We use the Pearson residuals method to detect HVGs while preserving statistical robustness
%%time
rsc.pp.highly_variable_genes(
adata, n_top_genes=5000, flavor="pearson_residuals", layer="counts"
)
CPU times: user 702 ms, sys: 60.5 ms, total: 762 ms
Wall time: 802 ms
Now we restrict our AnnData object to the highly variable genes.
%%time
rsc.pp.filter_highly_variable(adata)
CPU times: user 648 ms, sys: 400 ms, total: 1.05 s
Wall time: 1.27 s
adata.shape
(213082, 5000)
Normalize Pearson residuals#
To correct for technical biases and overdispersion in single-cell data,
we apply Pearson residual normalization, a method that stabilizes variance across genes.
This transformation enhances the detection of biological variation while reducing noise.
We store the Pearson residuals in a separate layer to preserve the original data:
%%time
adata.layers["pearson_residuals"] = rsc.pp.normalize_pearson_residuals(
adata, layer="counts", inplace=False
)
CPU times: user 152 ms, sys: 15 ms, total: 167 ms
Wall time: 167 ms
Performing PCA on Pearson Residuals#
To reduce the dimensionality of the dataset while preserving meaningful variation,
we perform Principal Component Analysis (PCA) using the Pearson residuals.
This approach ensures that technical noise is minimized, allowing better downstream analysis.
We compute 100 principal components (PCs) from the normalized data
%%time
rsc.pp.pca(adata, n_comps=100, layer="pearson_residuals")
CPU times: user 1.27 s, sys: 116 ms, total: 1.39 s
Wall time: 1.59 s
sc.pl.pca_variance_ratio(adata, log=True, n_pcs=100)

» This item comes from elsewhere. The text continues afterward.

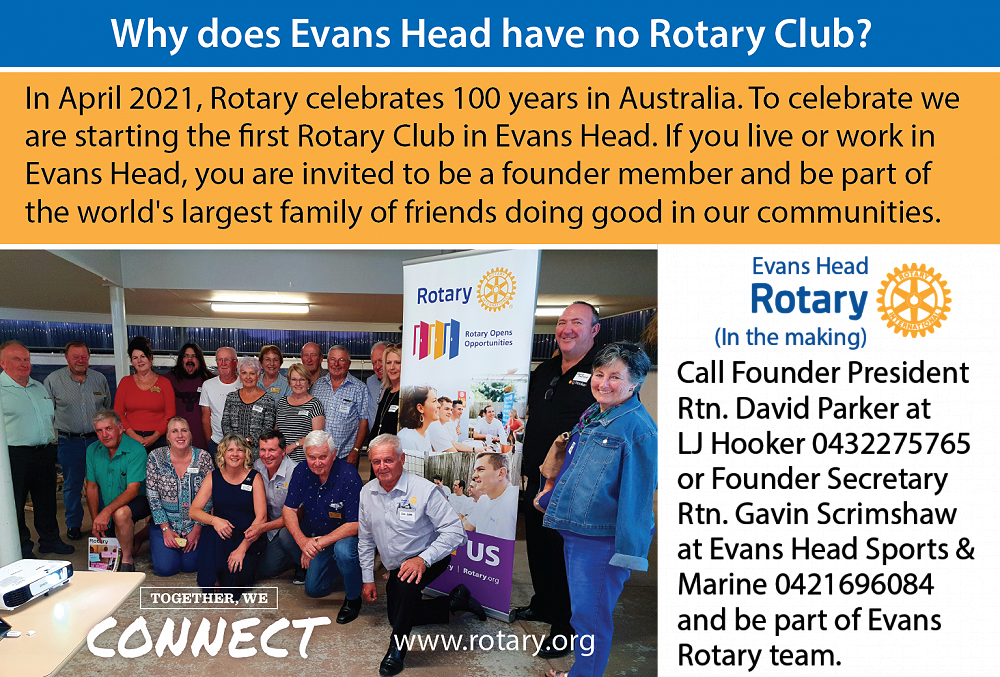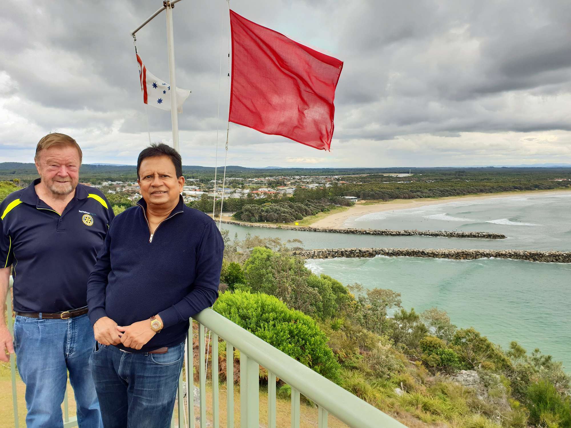 19th October 2020 was the first time I visited Evans Head, a beautiful small seaside resort town in northern NSW in our Rotary District 9640 in Australia. The day after my Governor’s visit to a Club, Past Governor Terry Brown from Lismore and Geoff Austin President of Casino Clubs took me on a tour of Evans Head 60 km away. Looking down from the hilltop lookout, I could see many rooftops and saw a great opportunity and asked them, “why is there no Rotary Club in this town?” They said for 4 years they have been talking about starting one, but no one took the leadership.
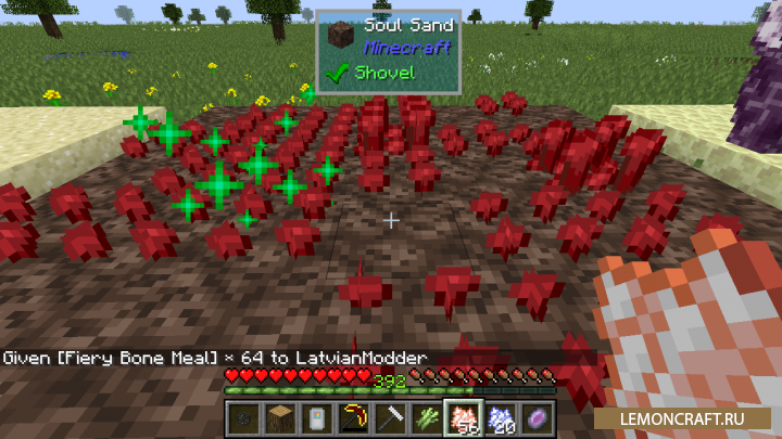 Мод на быстрый рост растений Bone Appetit добавит в игру возможность выращивать растения на песках и камнях края, а так же на песке душ в ускоренном темпе. Для того, что бы ускорить рост растений вам понадобиться костная мука, соответствующая выращиваемому растению.

Now we move .X and .layers out of the GPU.
%%time
rsc.get.anndata_to_CPU(adata, convert_all=True)
CPU times: user 445 ms, sys: 324 ms, total: 769 ms
Wall time: 768 ms
preprocess_time = time.time()
print("Total Preprocessing time: %s" % (preprocess_time - preprocess_start))
Total Preprocessing time: 10.96704626083374
We have now finished the preprocessing of the data.